There are many ways in which food productivity gains can and are being achieved, but none are proving more effective than the application of technology. Agricultural Technology, commonly abbreviated to AgTech or AgriTech, are the terms used to describe the deployment of this technology within the agricultural sector.
It is widely documented that to keep up with the growth in the global population, estimated to be at 9-10 billion by 2050, that food production must increase by 50 percent in the same period and that is before the potential effects of climate change threatens to reduce yields by up to 25 percent. Following the trail blazed by other sectors, agriculture is turning to technology for productivity gains.
AgTech has been a growing industry for several years. Following the acquisition of Climate Corporation by Monsanto in 2013 for almost US$1 billion, the following year saw record levels of investment, surpassing that of the more widely known FinTech and CleanTech sectors. That investment has continued to increase year-on-year, as has the sophistication of the technology being applied.
Yet despite the diverse ways in which AgTech industry is evolving, one constant remains, and that is data. More specifically, the basis for many AgTech solutions is the collection, storing, analysis and sharing of data to automate processes, inform decision-making and direct resources. In this and upcoming posts we will examine current and future trends in each area, and we start with data collection.

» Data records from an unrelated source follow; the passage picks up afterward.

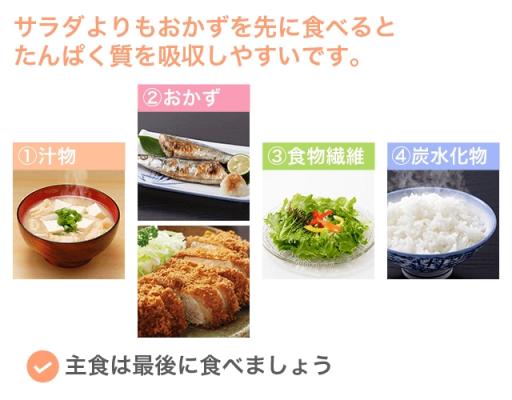 該当遺伝子を持つ人は、たんぱく質を吸収しにくい体質であるため、野菜を先に食べてしまうと、その次に摂取するたんぱく質を十分に吸収できません。まずは野菜より先に、たんぱく質が多く含んだ「おかず」を食べ、たんぱく質をしっかりと吸収する必要があります。この食べ順を心掛けることで、筋肉がつきやすく太りにくいカラダづくりができるようになるのです。
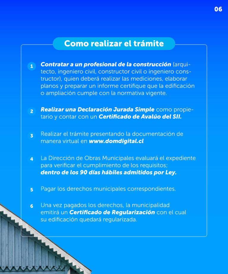 - Velar por el cumplimiento de las disposiciones de la Ley General de Urbanismo y Construcciones, del Plan Regulador Comunal y de las ordenanzas correspondientes.
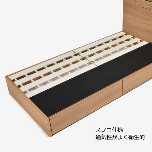 引出し内部は桐材を使用しています。ベッドフレーム内にこもりがちな湿気から大切な衣類を守ってくれます。引出しは左右どちらにも取り付けが可能です。
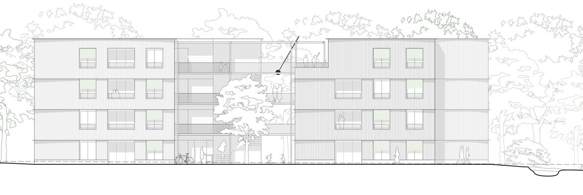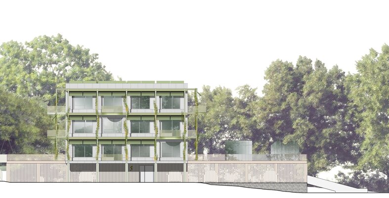 Die Arbeit weist die geringsten Treibhausgasemissionen aller Arbeiten sowohl in der Herstellung als auch über den gesamten Lebenszyklus auf. Grund dafür ist die geringe Bruttogrundfläche, die Ausführung mit einer großen Menge nachwachsender Rohstoffe sowie der weitgehende Verzicht auf Untergeschosse und ein eigenes Parkhaus.
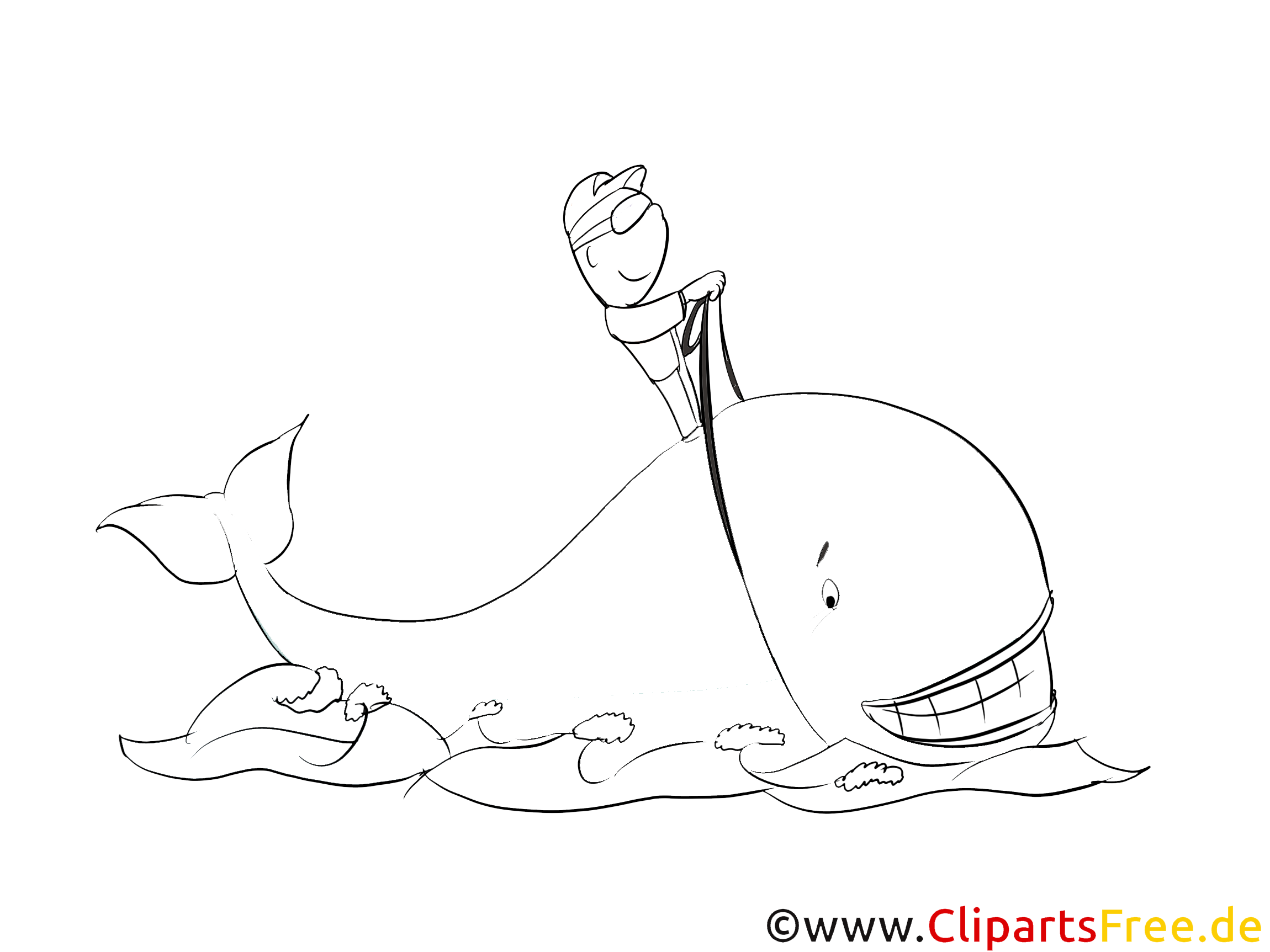 Kostenloses Ausmalbild Wal mit Junge – Malvorlage im PDF Format
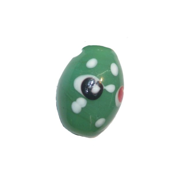 Oval – 19mm – Green. Glass bead. Approx 19mm.
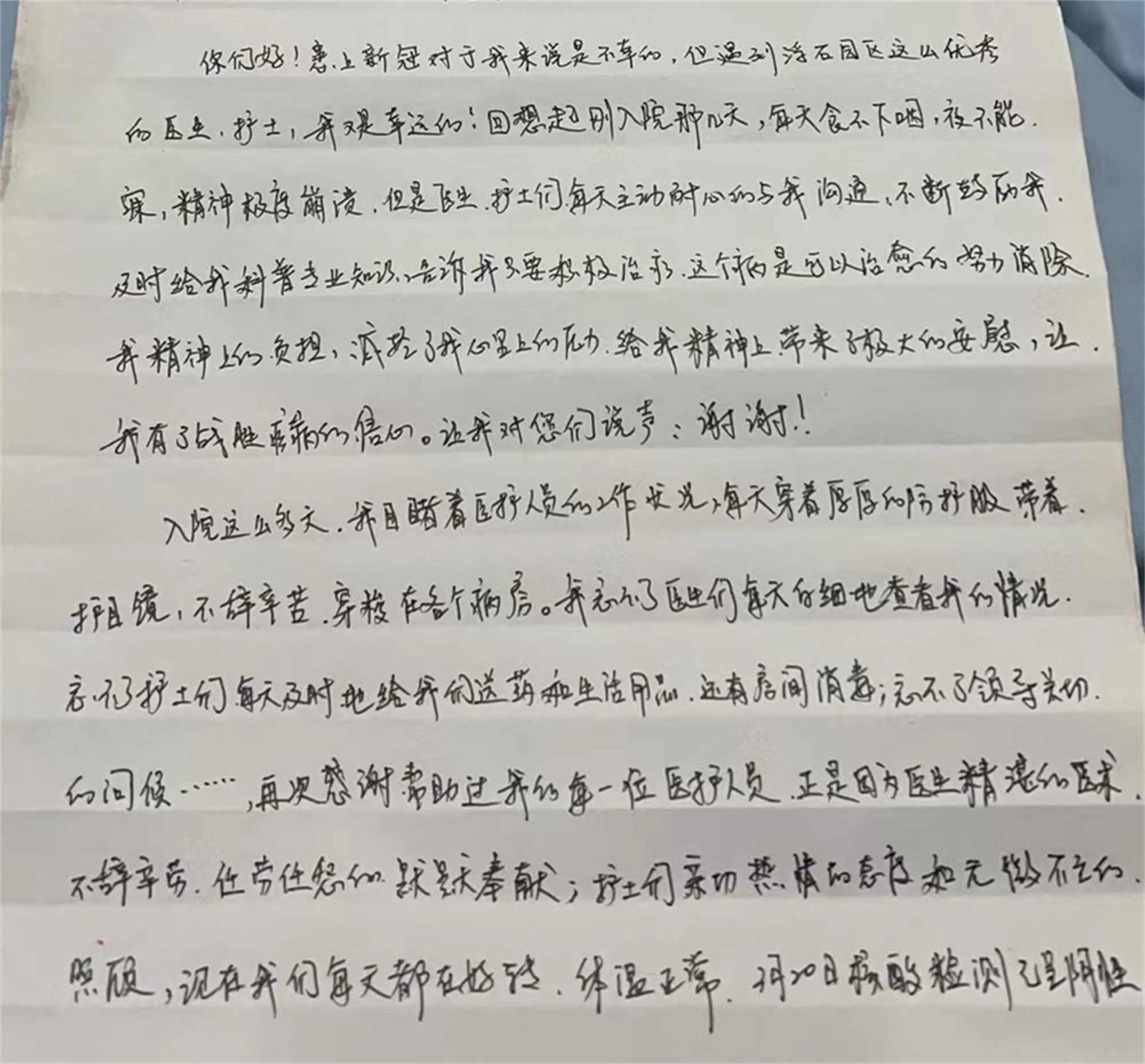 “確診新冠后,精神是極度崩潰的,感覺到無助,寢食難安,但是到了病區(qū),醫(yī)生、護(hù)士主動(dòng)耐心與我溝通,不斷鼓勵(lì)我,告訴我這個(gè)病是能治好的。現(xiàn)在我出院了,我真的很感謝隔離病區(qū)醫(yī)護(hù)人員照顧與治療。”患者程女士激動(dòng)地說。
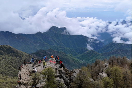 游客在位于陕西宝鸡的秦岭太白山景区游览(2025年5月27日摄)。
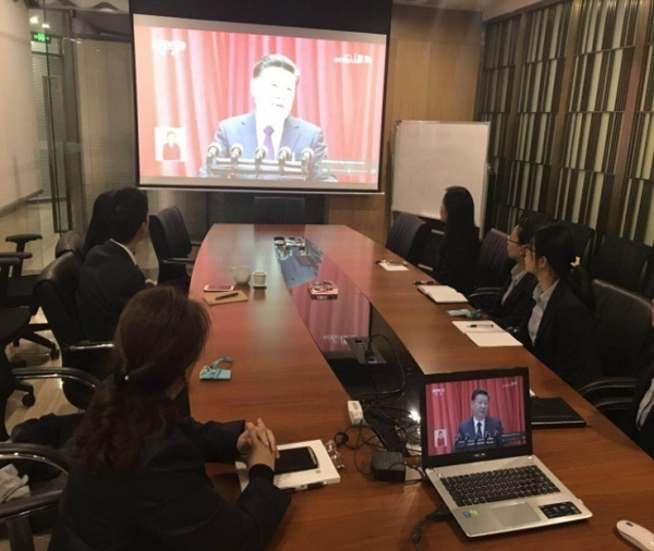 ? ? ? 10月18日上午9點,中國共產黨第十九次全國代表大會在北京隆重召開,習近平總書記代表第十八屆中央委員會向大會作報告。新筑股份公司位于成都、新津、雅安等地的黨支部,紛紛組織黨員同志們收看黨的十九大開幕盛況,認真聆聽習近平總書記所作的十九大報告。??
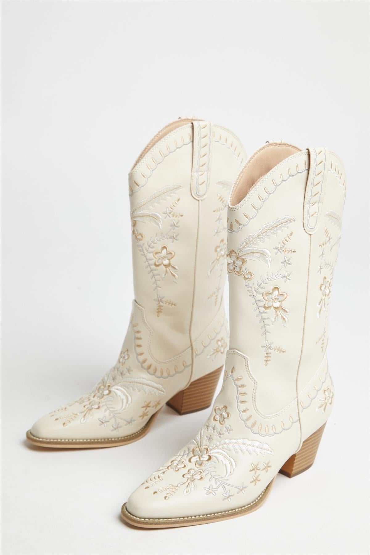 Glamorous Women's Cream Embroidered Cowboy-Boots. These dazzling cream-colored boots are sure to make you feel glamorous. Perfect for a statement-making western look, the boots feature beautiful embroidery that'll take your ensemble to the next level.
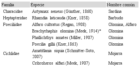 Las otras dos especies pertenecen a la familia Cichlidae. La mojarra rayada o convicto Amatitlania siquia (Fig. 2), estaba reportada para la cuenca del Río Tárcoles, pero solamente para altitudes entre 0 y 540msnm (Bussing, 2002; Angulo et al., 2013), mientras que en el presente estudio se encontró por encima de los 1 000msnm, por lo que se considera importante contribuir al conocimiento de su distribución actual.
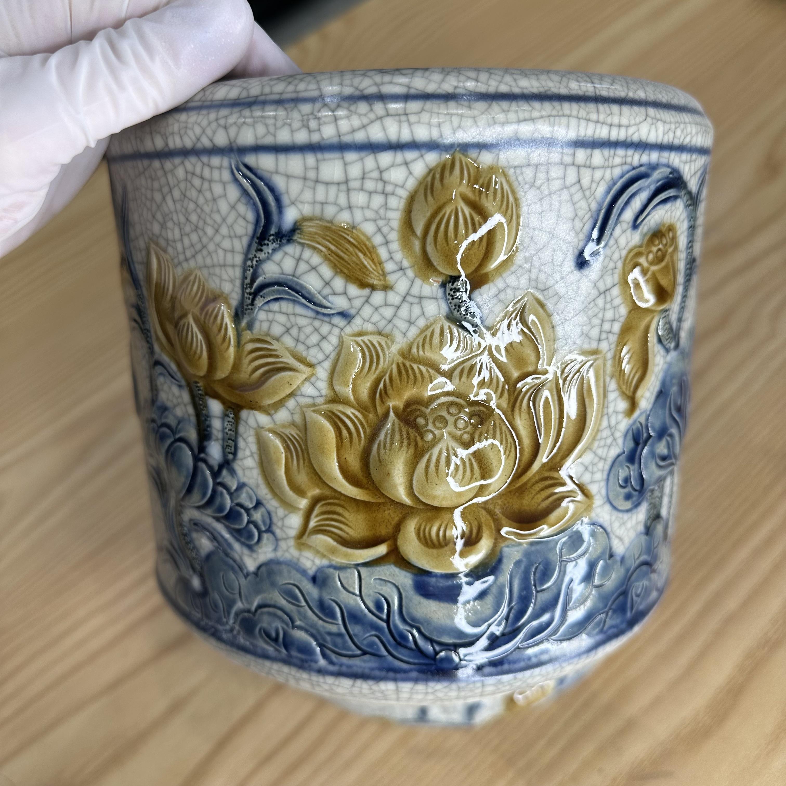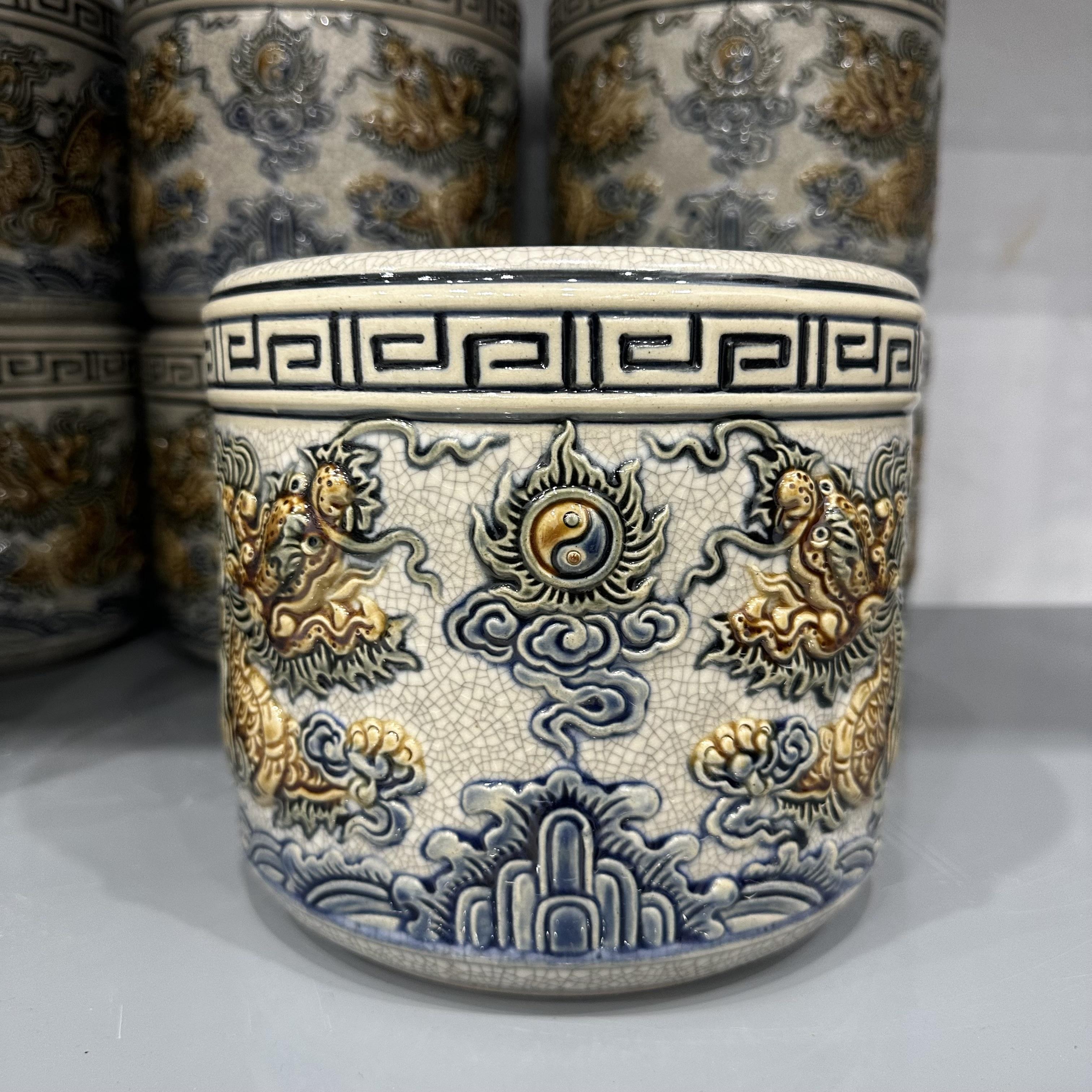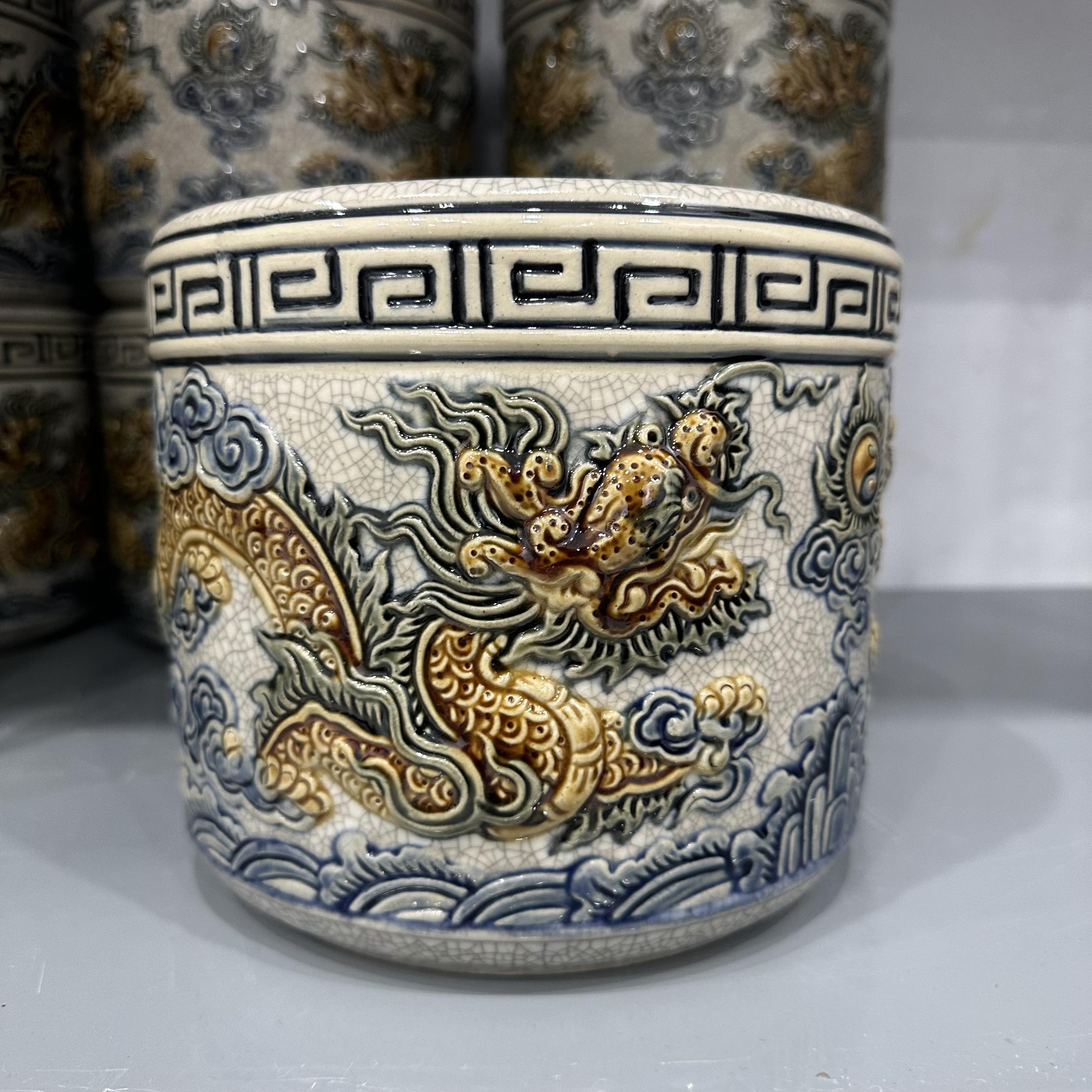 * Các hoa văn họa tiết như hình rồng, phượng, hoa, mây, sóng thủy ba,… được đắp nổi hoặc khắc chìm lên sản phẩm, các hoa văn này sẽ được sử dụng một loại men khác để vẽ lên, có thể là men ngọc, men nâu,… Sự kết hợp giữa các dòng men được người thợ Bát Tràng sử dụng nhuần nhuyễn và cho ra lò những sản phẩm đáp ứng nhu cầu cao của Khách hàng.

Within the last few years, there has been a rapid increase in the range of sensors launched for the AgTech market. These include ground-based devices that measure and report data points such as live soil moisture levels, through to machine-based sensors monitoring crop height and adjusting fertilizer levels accordingly in real-time. As AgTech investment increases, we should expect to see continued growth in the sensor marketplace including convergence devices that can sense multiple data types in a single unit, thereby reducing capital costs and maintenance overheads.
For many decades, satellite and airborne remote sensing has played a crucial role in informing the agricultural community. The resolution of satellite imagery has increased significantly over that time enabling decision-making at more granular levels. Drone use within agriculture has slowly built momentum for several years now as they represent a next-generation step in both the flexibility of imagery collection as well as image resolution. Yet drone use for agricultural purposes is not without its hurdles; affordability, airspace regulations and usability are amongst the obstacles holding back its potential.
Crowdsourcing too has its place in the AgTech data collection process. Sometimes considered to be inferior when compared to integrity of remotely sensed data, in developing countries where sensor technology is out of the financial reach of many farmers, crowdsourcing has potential to provide a cost-effective way of gathering crucial data at scale using simple mobile phone technology. However, it too has its hurdles to overcome – first, there needs to be an incentive for farmers to collect and send data, finding an incentive large enough that farmers are motivated to collectively provide their information is difficult. Second, the integrity of crowdsourced data can be questionable despite the use of analytical and data cleansing techniques to remove outliers and conflicting data points.
Third, crowdsourcing is only useful when used at scale and that means not just providing an incentive accessible enough that it reaches a whole country’s farming community but also presents high operational and marketing costs in communicating the existence and benefits of the crowdsourcing initiative. Yet despite these challenges, crowdsourcing remains an alternative option for highly scalable ground-truth data collection.